A once-prominent Russian banker with ties to the Kremlin and the Russian Orthodox Church has been put on Interpol's wanted list, according to the police organization's site.
Sergei Pugachyov (Pugachev in Interpol's spelling) is wanted by Russian prosecutors for "misappropriation or embezzlement," Interpol said on its website.
Pugachyov had made no public statement as of Thursday. He fled Russia in 2011, reportedly for the French resort of Nice, and The Financial Times later reported that he resided in Britain.
The "red notice" issued by Interpol requires the immediate arrest of the suspect. Neither British nor French authorities had commented on it as of this article's publication.
Pugachyov, 51, made a fortune in banking and shipbuilding. In 2008, Forbes Russia estimated his assets at $2 billion.

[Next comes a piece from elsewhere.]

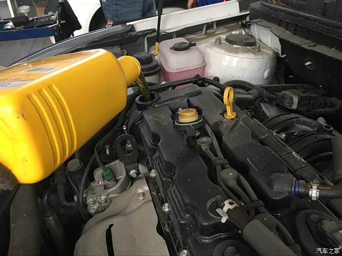 机油添加完,维修师傅对各种油液进行检查添加
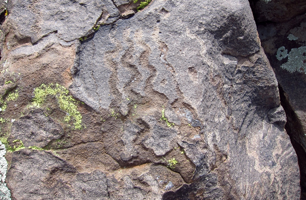 There are quite a few old indistinct glyphs in the area. These squiggles are interesting but the overall pattern is lost.

He earned the unofficial nickname of the "church's banker" over his piety and ties to the church, which has received lavish state subsidies in recent years. Pugachyov reportedly donated money to a monastery headed by the spiritual adviser of President Vladimir Putin.
However, he fell from grace in 2011, when the Investigative Committee accused him of deliberately bankrupting his Mezhprombank, then a top-30 bank in Russia.
Pugachyov, who represented Tuva in the upper house of parliament from 2001 to 2011, faces up to 10 years in prison if extradited to Russia.
In July, the High Court of Justice in London seized £1.1 billion ($1.7 billion) of his assets as part of a lawsuit filed by Russia's state-run Deposit Insurance Agency.
The banker told The Financial Times last month that the case had been orchestrated by the Kremlin, which, he claimed, wanted to take over shipbuilding yards owned by Pugachyov.
He also attacked Putin in the interview, saying the president does not understand the notion of private property.
"Today in Russia there is no private property. There are only serfs who belong to Putin," Pugachyov said, less than two months before he made the Interpol wanted list.